In the 1970s, Fred Picker wrote Zone VI newsletters about the perfect negative. He was deeply into the technicalities of developers, agitation, densities, etc. You can read his newsletters if you are interested in some procedures for calibrating your negatives. He was addressing sheet film, but you can apply it to roll film as long as you recognize that your frames can't get individual development time.
 
Is there any film on the market that has nice big clumps of silver like the 1960s 70's Tri-X?

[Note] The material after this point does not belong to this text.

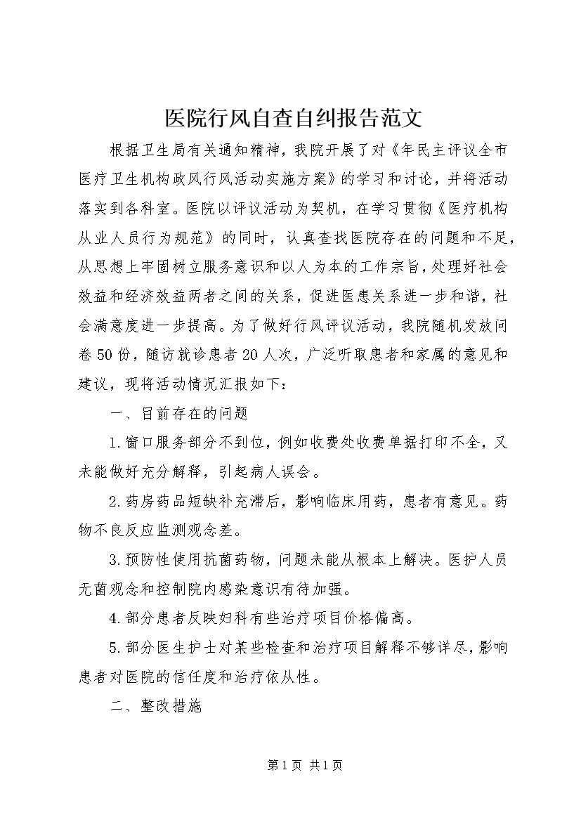 医院行风自查自纠报告范文

Not big clumps of grain but Kodak Double X is an old school movie emulsion.
 
What is the point of shooting the film if you don't have some specific application in mind? You have to somehow monitor your progress getting from Point A to B. It's like learning to ride a bicycle. At some point, if you want to learn how to ride a bicycle, you just gotta do it. Sure, there will be some scrapes and bruises; but how else are you going to learn? Buy a light meter and learn how to use it. Take a darkroom class. But if this calibration talk sounds too inconvenient, then don't complain if the results are unpredictable and disappointing. It won't be the fault of the film.
 

If the shutter is not accurate, one needs to get the camera adjusted. Changing the film speed will not fix that problem.
If the light meter is off, it needs to be calibrated or the exposures will be under or over exposed. Changing the film speed would be hit or miss. If one cannot get the light meter corrected with the adjustment screw, it is worth spending less than $100US to get it properly adjusted rather than lossing one photograph after another futzing around.
 

Thanks for this post.
If a lab is half decent, they won't ruin your film, and they will develop your film predictably.
All of which will give you the opportunity to tweak what you do to get the best results from what the lab gives back to you.
Yes, you can refine things further by doing your own developing, but the differences should be fairly subtle. And yes you can add a few more tricks to your toolbox if you have the ability to adjust both your exposure and your development, in tandem.
And of course, if you are reasonably methodical, you can learn to develop film well, and exactly the same way every time. Much like a good lab.
One point though about one of your observations. The discussions about fixing times aren't about calibration - they are about maximizing utility (capacity) and dealing with some special issues like residual dyes that sometimes show up.
The manufacturer's recommendations are sometimes more conservative than necessary.